GIVEN INFORMATION section start
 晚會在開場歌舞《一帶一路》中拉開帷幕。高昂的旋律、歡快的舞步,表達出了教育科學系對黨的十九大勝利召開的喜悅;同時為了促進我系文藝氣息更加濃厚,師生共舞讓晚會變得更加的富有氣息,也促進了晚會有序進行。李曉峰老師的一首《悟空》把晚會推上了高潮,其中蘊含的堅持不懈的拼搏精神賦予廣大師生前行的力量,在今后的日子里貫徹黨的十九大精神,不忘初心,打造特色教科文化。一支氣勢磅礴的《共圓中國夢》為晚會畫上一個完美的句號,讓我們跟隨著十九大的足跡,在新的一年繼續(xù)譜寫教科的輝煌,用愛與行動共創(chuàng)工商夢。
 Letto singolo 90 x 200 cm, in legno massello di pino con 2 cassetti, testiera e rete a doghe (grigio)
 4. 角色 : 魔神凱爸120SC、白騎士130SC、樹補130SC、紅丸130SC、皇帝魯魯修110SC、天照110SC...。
GIVEN INFORMATION section end
GIVEN INFORMATION section start
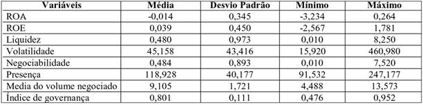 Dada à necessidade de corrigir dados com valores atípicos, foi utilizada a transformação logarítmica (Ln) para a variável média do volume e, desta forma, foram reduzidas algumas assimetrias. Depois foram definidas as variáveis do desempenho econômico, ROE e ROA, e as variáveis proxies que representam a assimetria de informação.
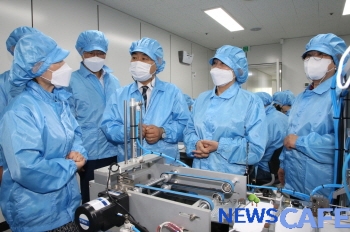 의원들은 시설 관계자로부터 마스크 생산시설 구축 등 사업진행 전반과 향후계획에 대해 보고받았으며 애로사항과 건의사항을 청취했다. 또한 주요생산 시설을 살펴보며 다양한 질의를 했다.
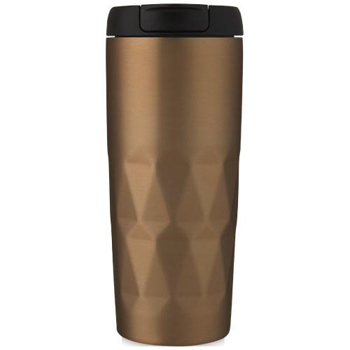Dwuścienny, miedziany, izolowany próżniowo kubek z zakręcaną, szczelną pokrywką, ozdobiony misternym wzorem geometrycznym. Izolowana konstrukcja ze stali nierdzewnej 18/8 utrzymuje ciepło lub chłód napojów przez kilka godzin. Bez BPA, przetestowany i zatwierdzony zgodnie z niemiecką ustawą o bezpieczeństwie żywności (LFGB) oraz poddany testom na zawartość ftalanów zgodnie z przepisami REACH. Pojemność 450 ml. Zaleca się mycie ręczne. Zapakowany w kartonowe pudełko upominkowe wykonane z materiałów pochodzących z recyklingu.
GIVEN INFORMATION section end
> _ASSIGNMENT_
Restate word for word every line from the one with "의원들은 시설 관계자로부터" up to and including the one with "Dwuścienny, miedziany, izolowany" in the records above, minus the pictures.

> _EXERCISE SOLUTION_
 의원들은 시설 관계자로부터 마스크 생산시설 구축 등 사업진행 전반과 향후계획에 대해 보고받았으며 애로사항과 건의사항을 청취했다. 또한 주요생산 시설을 살펴보며 다양한 질의를 했다.
Dwuścienny, miedziany, izolowany próżniowo kubek z zakręcaną, szczelną pokrywką, ozdobiony misternym wzorem geometrycznym. Izolowana konstrukcja ze stali nierdzewnej 18/8 utrzymuje ciepło lub chłód napojów przez kilka godzin. Bez BPA, przetestowany i zatwierdzony zgodnie z niemiecką ustawą o bezpieczeństwie żywności (LFGB) oraz poddany testom na zawartość ftalanów zgodnie z przepisami REACH. Pojemność 450 ml. Zaleca się mycie ręczne. Zapakowany w kartonowe pudełko upominkowe wykonane z materiałów pochodzących z recyklingu.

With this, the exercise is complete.